First Monday Book Day: Summertime Blues

Happy New Year (celebrated). I'll be heading to the office shortly, to get caught up a bit. I don't have ESPN anyway, so I won't be missing the bowl games (grrr).

The New Year is a traditional time to look backward and look forward. Today's selection, Joan Vinge's 1991 Hugo nominee, The Summer Queen does both of those things.

The book is the long-awaited sequel to Vinge's 1981 Hugo winner, The Snow Queen, based on a Hans Christian Andersen story. I read the original perhaps five years ago -- it was a masterpiece, but I've forgotten too much. This volume (I'm half-way through) is complex, confusing, and tantalizing. Moon Dawntreader, the hidden clone of the Winter Queen and heroine of the first volume, is the Summer Queen, presiding over an effort to drag her techno-phobic people toward modernity during the long "summer," during which her planet's wormhole gate to a wider human civilization is inaccessible.

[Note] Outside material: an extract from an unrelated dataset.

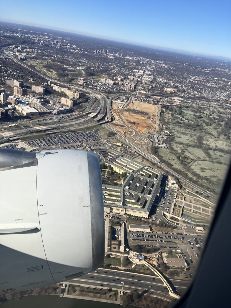 DCAは離陸後に川沿いを通るルートになることもあり、眺めが当たると当たりです(ただし滑走路・風向き・管制で変わります)。「景色優先なら窓側を取る」くらいの期待値がちょうどいいです。ホワイトハウスやペンタゴンなどの景色が上空から見ることできます。

Her planet holds both a Spice-like life-extending substance and the secret to a civilization-wide information technology mediated through "sibyls" -- human computer interfaces. Meanwhile, outside, other characters are in a race to rediscover a long-lost technology for faster-than-light travel.

The characters and (most of the) relationships are interesting and compelling, and the action sequences well drawn. I'm hooked on this space opera. But you'll want to read The Snow Queen first.

New Year's is a time for lists, so here, here and here are links to NPR's top sci fi picks, of the year and for evah (thanks, Sean, for that third link).

I don't yet know where The Summer Queen will rank on my top whatever list, but it will be in the mix. What are you reading?

51 thoughts on “First Monday Book Day: Summertime Blues”

  1. Finished Stieg Larsson's The Girl with the Diamond Tattoo, and I've been holding off on starting on the next until the holidays were over. I enjoyed it, but I can see how some would think the beginning to be slow and lacking in action.

      1. oh geez, my multiplexer isn't multiplexing. Move along folks, there's nothing to see here.

        I guess I should have mentioned that I saw the Swedish movie as well, and although I understand the need to adjust the plot for brevity's sake, there was at least one change that I was disappointed with that as it did nothing but give the audience a bit of (unnecessary and unwanted) justice.

  2. This month I finished several books including the Yiddish Policeman's Union, 60 Feet Six Inches, and Catch-22. I can't recommend 60 Feet as it's full of GOML and reggie be reggie. Really, I found the discussion boring, and aside from a few anecdotes I wouldn't have anything positive to remember about this book.

    TYPU was thoroughly enjoyable. I highly recommend this book, and am still holding out hope that the Cohen Bros will make the movie.

    Catch-22 left me the most conflicted.

    Spoiler SelectShow
  3. As mentioned, I finished the Pulitzer Price winning book by The Roommate. Loved it. I probably knew about 12 pages total worth of material about the Commodore before reading the bio, and was stunned by his life (sort of like my experiences reading Lindbergh and The Rise of Theodore Roosevelt).

    Now, I have about 100 pages left of Pillars of the Earth. I'm pretty conflicted because it has really interesting passages about architecture and science mixed together with a love story and a villain ripped from a Dan Brown novel.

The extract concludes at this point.